Avranno un bel cercarsi avidamente a vicenda: essi non troveranno mai che delle immagini parodistiche e si addormenteranno vuoti come specchi.

La fanciulla assente e inerte che è sospesa alle mie braccia senza sognare non è più estranea a me che la porta o la finestra attraverso le quali posso guardare o passare.
Io ritrovo l'indifferenza (che le permette di lasciarmi) quando mi addormento per incapacità di amare ciò che viene.
A lei è impossibile sapere chi ritrova quando la stringo perché persegue ostinatamente un oblio completo.
I sistemi planetari che ruotano nello spazio come dei dischi rapidi e il cui centro si sposta egualmente descrivendo un cerchio infinitamente più grande non si allontanano continuamente dalla propria posizione che per ritornare ad essa completando la propria rotazione.
Il movimento è figura dell'amore che, incapace di fermarsi su un essere in particolare, si sposta rapidamente dall'uno all'altro.
Ma l'oblio che così lo condiziona non è che un sotterfugio della memoria.
Un uomo sorge bruscamente come uno spettro sopra una tomba e si abbatte allo stesso modo.
Si rialza qualche ora dopo poi si abbatte di nuovo e così di seguito ogni giorno: questo grande coito con l'atmosfera celeste è regolato dalla rotazione terrestre di fronte al sole.
Così, benché il movimento della vita terrestre sia ritmato da questa rotazione, l'immagine di questo movimento non è la terra ruotante ma la verga che penetra la femmina e ne esce quasi interamente per rientrarvi.

L'amore e la vita appaiono individuali sulla terra solo perché tutto è spezzato da vibrazioni di ampiezza e di durata diverse.
Tuttavia, non vi sono vibrazioni che non siano coniugate con un movimento circolare, come la locomotiva che rolla sulla superficie della terra, immagine della metamorfosi continuata.

Gli esseri non trapassano che per nascere allo stesso modo dei falli che escono dai corpi per entrarvi.
Le piante si innalzano nella direzione del sole e s'abbassano successivamente nella direzione del suolo.
Gli alberi coprono il suolo terrestre di una quantità innumerevole di verghe fiorite drizzate verso il sole.
Gli alberi che si slanciano con forza finiscono bruciati dal fulmine o abbattuti o sradicati. Ritornati al suolo, si rialzano gli stessi sotto un'altra forma.
Ma il loro coito polimorfo è funzione della rotazione terrestre uniforme.

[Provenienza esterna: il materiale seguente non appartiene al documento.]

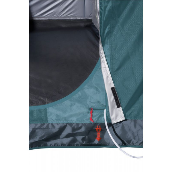 Намет чотиримісний Ferrino Fenix 4 Petrol (91192MBB) - сімейний тунельний намет із трьома входами, просторим тамбуром із вшитою підлогою та спальнею зі знімною перегородкою. Москітні сітки на вхідних дверях забезпечують захист від настирливих комах. Система вентиляції Air Ventilation System забезпечує постійну циркуляцію повітря, а також позбавляє утворенню конденсату. Фронтальні вікна та панорамне бічне вікно наповнюють внутрішній простір світлом. Висота тамбура 180 см дозволяє стояти на повний зріст.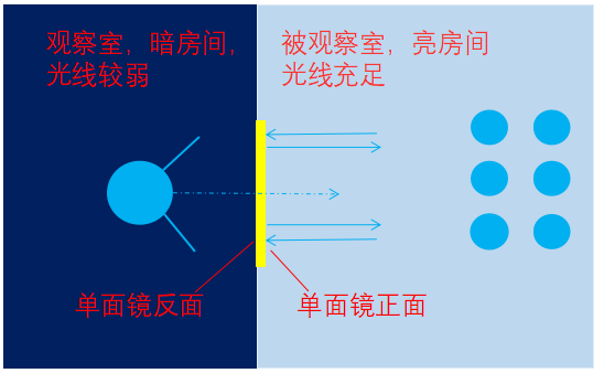 单面镜(也叫原子镜、单向透视玻璃),是一种对可见光具有很高反射比的特种玻璃。一般的玻璃,站在两面都可以看穿到另一面的事物,而普通的镜子只有反射的功能,与一般的透明玻璃或者全反射镜不同,在单面镜的一面可以看到另一面的物体,从另一面却只能看到自己的像。这与玻璃上的镀膜厚度直接相关,如图所示。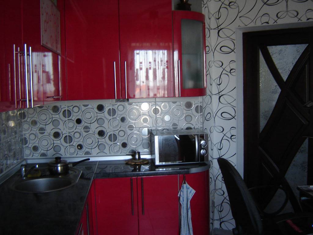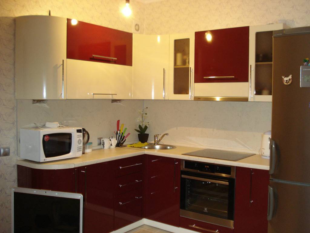 обои, кухонный гарнитур и предметы обстановки должны быть разных цветов или хотя бы разных оттенков одного цвета, в противном случае они будут сливаться друг с другом;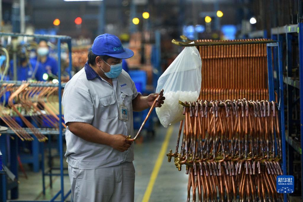 11月8日,在位于泰國羅勇府的泰中羅勇工業(yè)園,泰國工程師那塔武在盾安金屬(泰國)有限公司生產(chǎn)線(xiàn)上工作。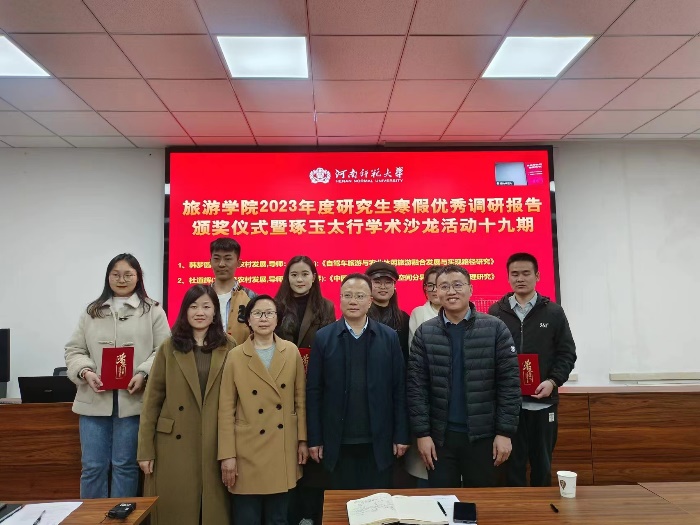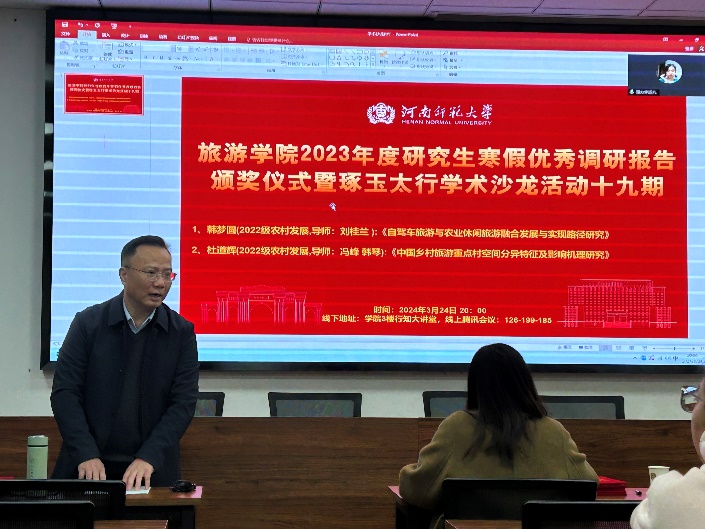 3月24日晚,旅游学院在行知大讲堂举行2023年度研究生寒假优秀调研报告颁奖仪式暨“琢玉太行”第十九期研究生学术沙龙活动,线上同步推进,旅游学院党委书记冯峰、副院长王二红、刘桂兰等老师与全体研究生参加,本次活动由研究生秘书李颜颜主持。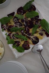 En una fuente poner intercaladamente las alcachofas y las betarragas, luego agregar la rúcula, aceite de oliva, jugo de limón, zestes de limón, alcaparras, sal y slice de parmesano.
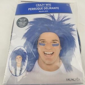 Crazy Wig Costume Assessory Blue Hair Halloween Size Adult Or Kid Rockstar Band
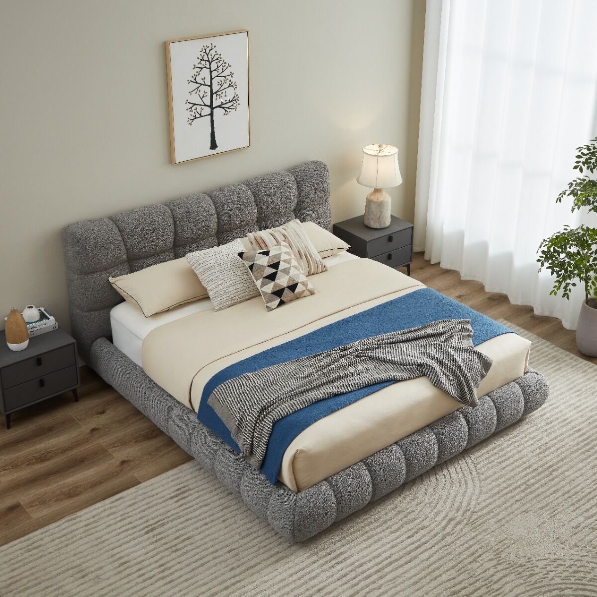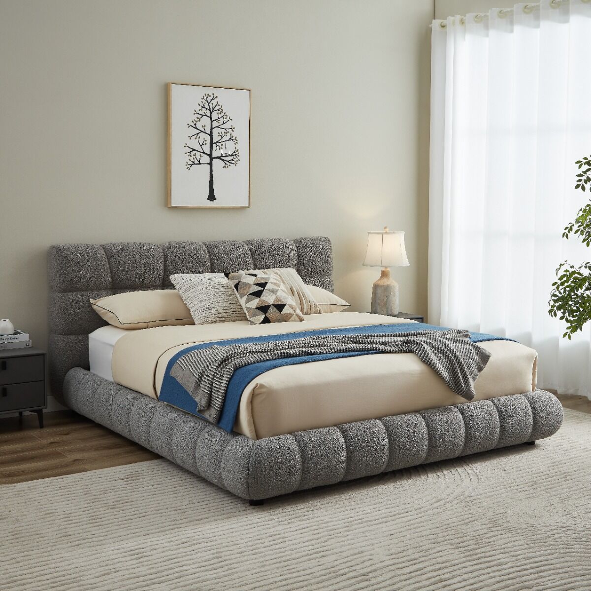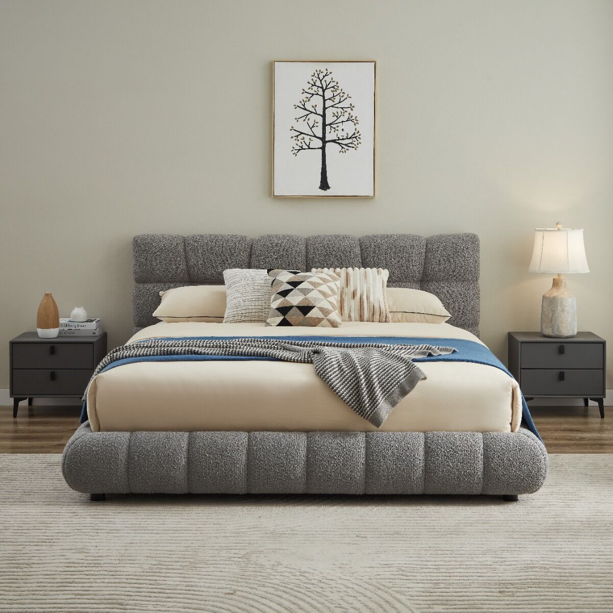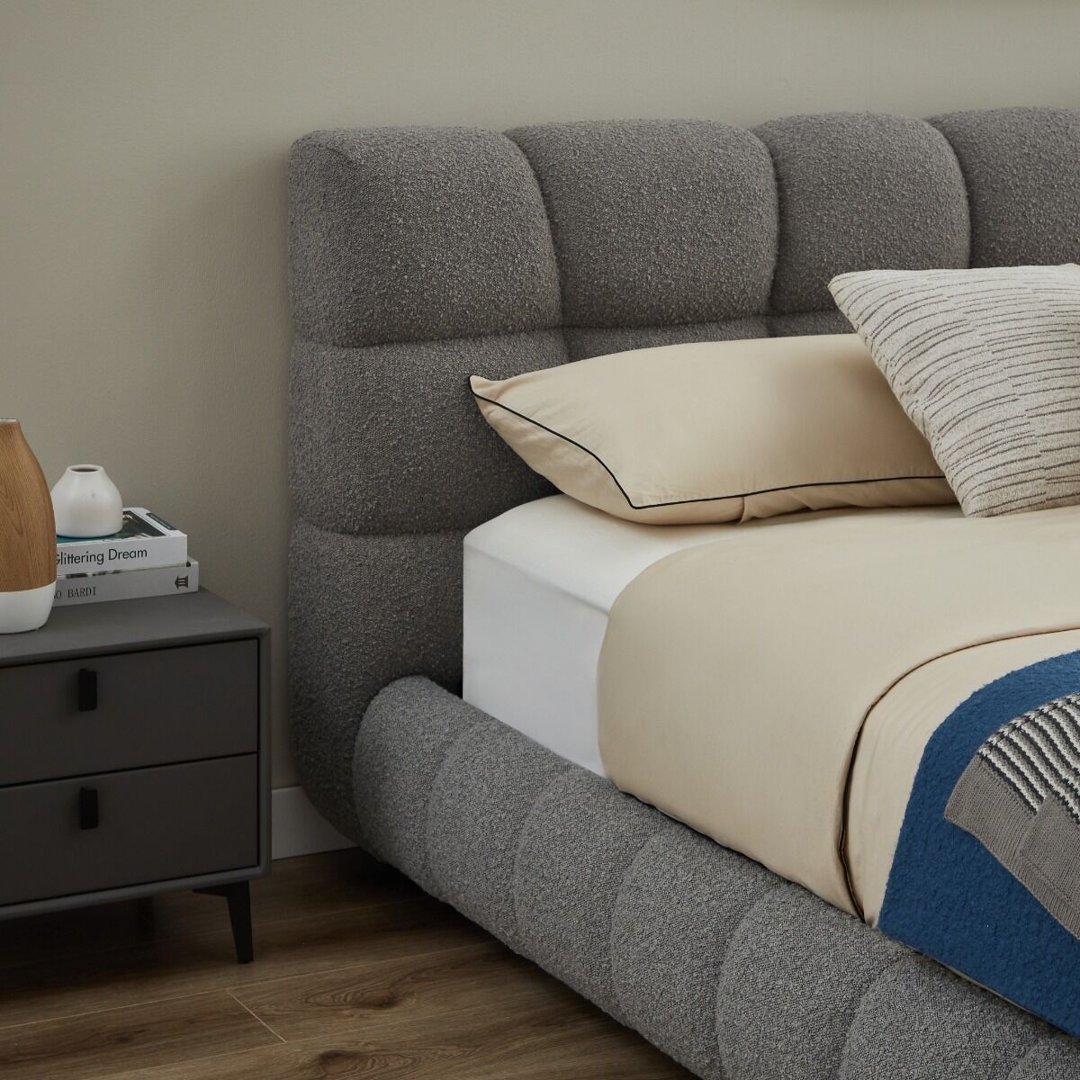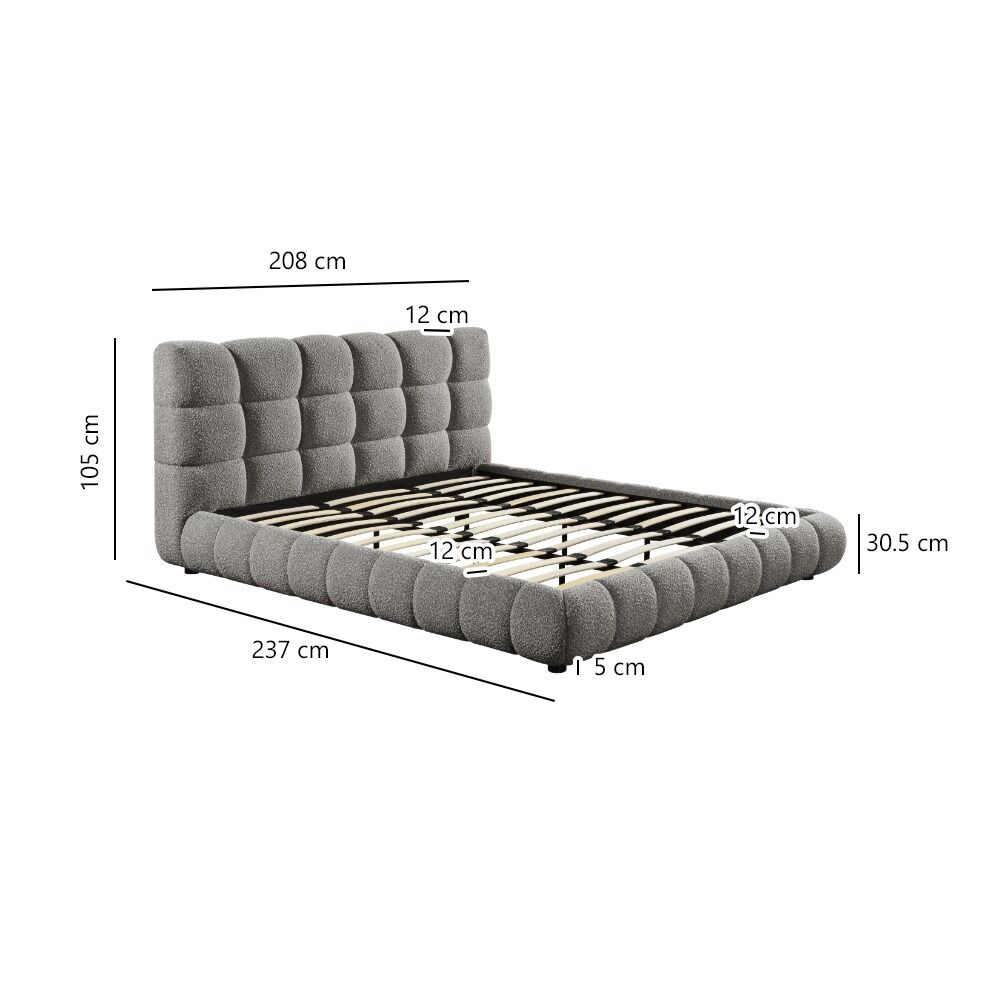 a grey king-size bed upholstered in premium bouclé fabric . It features an elegant design with a geometrically sectioned padded headboard, adding a modern and sophisticated vibe to your room.The bed has a sturdy frame made from solid wood and MDF, providing strong support and lasting stability. The upholstery is crafted from high-quality bouclé fabric with a soft texture and elegant look, and the high-density foam padding ensures extra comfort. The legs are made of durable rubberwood, known for its strength and resilience. Size: King Color: Warm grey that complements all décor styles Upholstery: Soft, elegant bouclé fabric Padding: High-density foam Frame: Solid wood + MDF Legs: Sturdy and durable rubberwood Design: Fully upholstered with a stylishly sectioned headboard for back support Your dream bed awaits at Baytonia – Shop now!Specifications: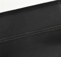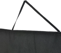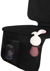 Le tapis s'attache facilement grâce à des sangles élastiques qui se fixent à l'appui-tête. Il comprend également deux poches en filet qui facilitent le rangement de petits objets comme des jouets ou des bouteilles. Ces poches sont pratiques et permettent un accès rapide aux objets stockés.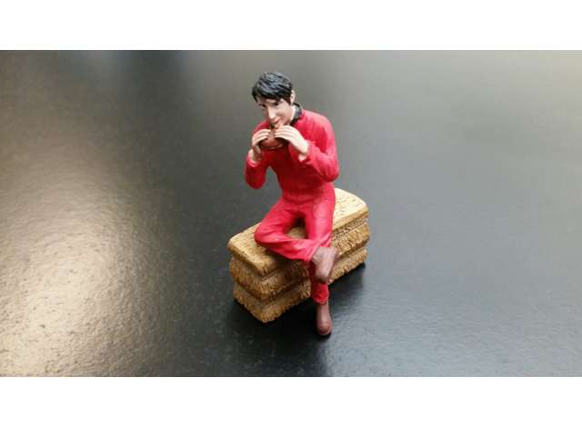 Farmer sitting and eatingHand painted detailed diorama figure in overall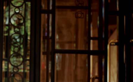 e a sensação de pé-direito maior. Para ressaltar a escada que leva ao piso superior, foi usado o porcelanato marmorizado Calacata Gold, 72x72 cm, tanto nos degraus como na parede, originando uma estética sofisticada e elegante. Abaixo da escada criou-se uma adega com nichos para garrafas de vinho. Detalhes, como o vidro Reflecta Gold e a adega refrigerada, contribuem para a harmonização e a funcionalidade deste ambiente.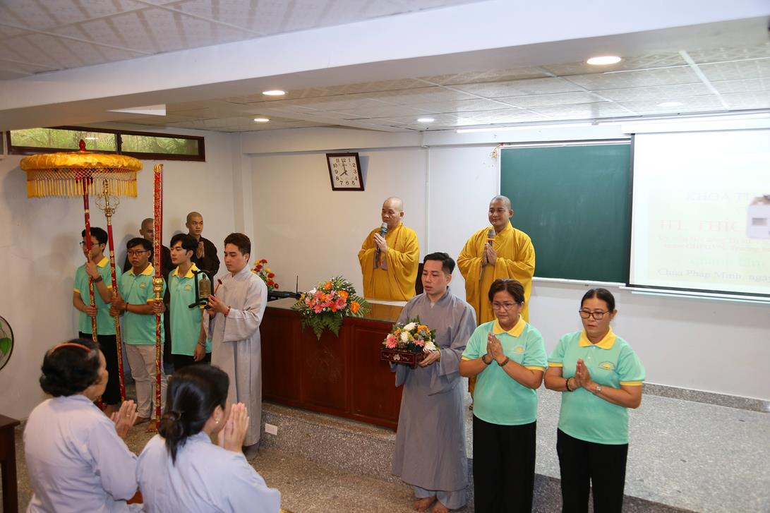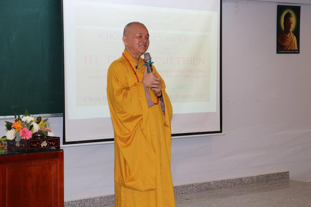 Khóa tu ngày an lạc vinh dự được cung nghinh Hòa thượng Thích Minh Thiện, Ủy viên Hội đồng Trị sự, Phó Trưởng ban Hoằng pháp TƯ, Trưởng ban Trị sự GHPGVN tỉnh Long An, Hiệu Trưởng Trường Trung cấp Phật học Long An quang lâm thuyết giảng, chia sẻ pháp thoại và giao lưu đến với quý Phật tử tham dự khóa tu. Hòa thượng nhấn mạnh đến vai trò của người Phật tử; đặc tính bình đẳng, từ bi, vô thường của giáo pháp Đức Phật. Đặc biệt, Hòa thượng khuyến khích quý Phật tử hãy ứng dụng lời dạy của Đức Phật vào trong cuộc sống để chuyển hóa những khổ đau, đem lại hạnh phúc thiết thực ngay trong cuộc sống hiện tại.
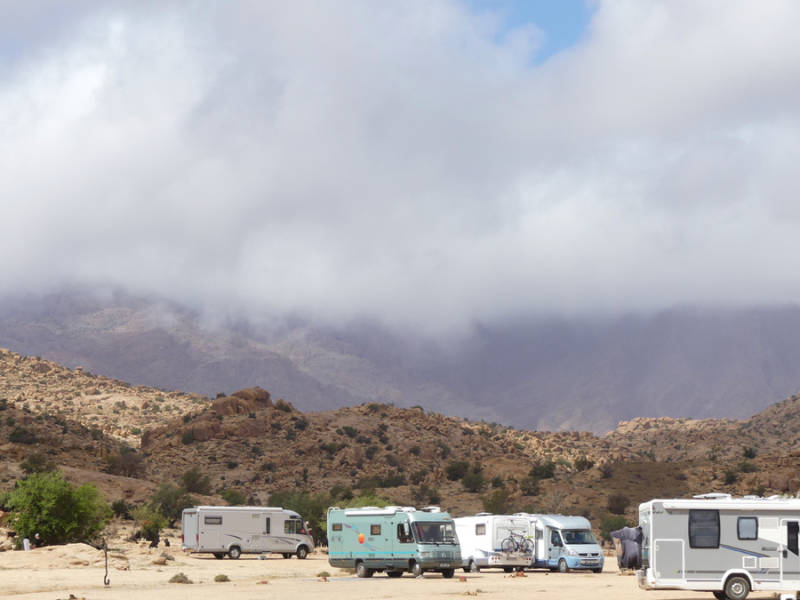 Wat opvalt is dat er ieder jaar grotere campers naar Marokko komen. Was dat al het geval in Spanje , waar mn Duitsers verschenen op gedoogplaatsen met ‘Glampers’, ook in Marokko is dat nu het geval, niet alleen Duitsers maar ook andere nationaliteiten. Misschien dat het ons dit jaar opvalt hier in Tafraout omdat we in een ‘betere buurt’ staan.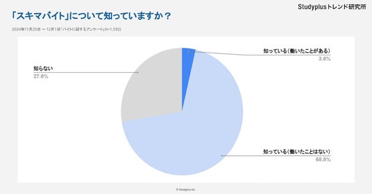 スキマバイトに関して、知っているかその上で働いたことがあるか聞いたところ「スキマバイトを知っていて働いたことがある」と回答した人は3.6%、「知っているが働いたことはない」と回答した人は68.8%、「知らない」と回答した人は27.6%となりました。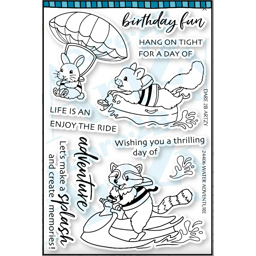 Dive into creativity with the Dare 2B Artzy Water Adventure Clear Stamp Set! Explore the exciting world of water sports and leisure activities with this diverse collection of stamps, featuring exhilarating images and sentiments of jet skiing, tubing, parasailing, and more. Sentiment include,

L'immagine più semplice della vita organica unita alla rotazione è la marea.
Dal movimento del mare, coito uniforme della terra con la luna, procede il coito polimorfo e organico della terra e del sole.
Ma la prima forma dell'amore solare è una nuvola che si alza al di sopra dell'elemento liquido.
La nuvola erotica diventa talvolta tempesta e ricade verso la terra sotto forma di pioggia mentre il fulmine penetra gli strati dell'atmosfera.
La pioggia si raddrizza immantinente sotto forma di pianta immobile.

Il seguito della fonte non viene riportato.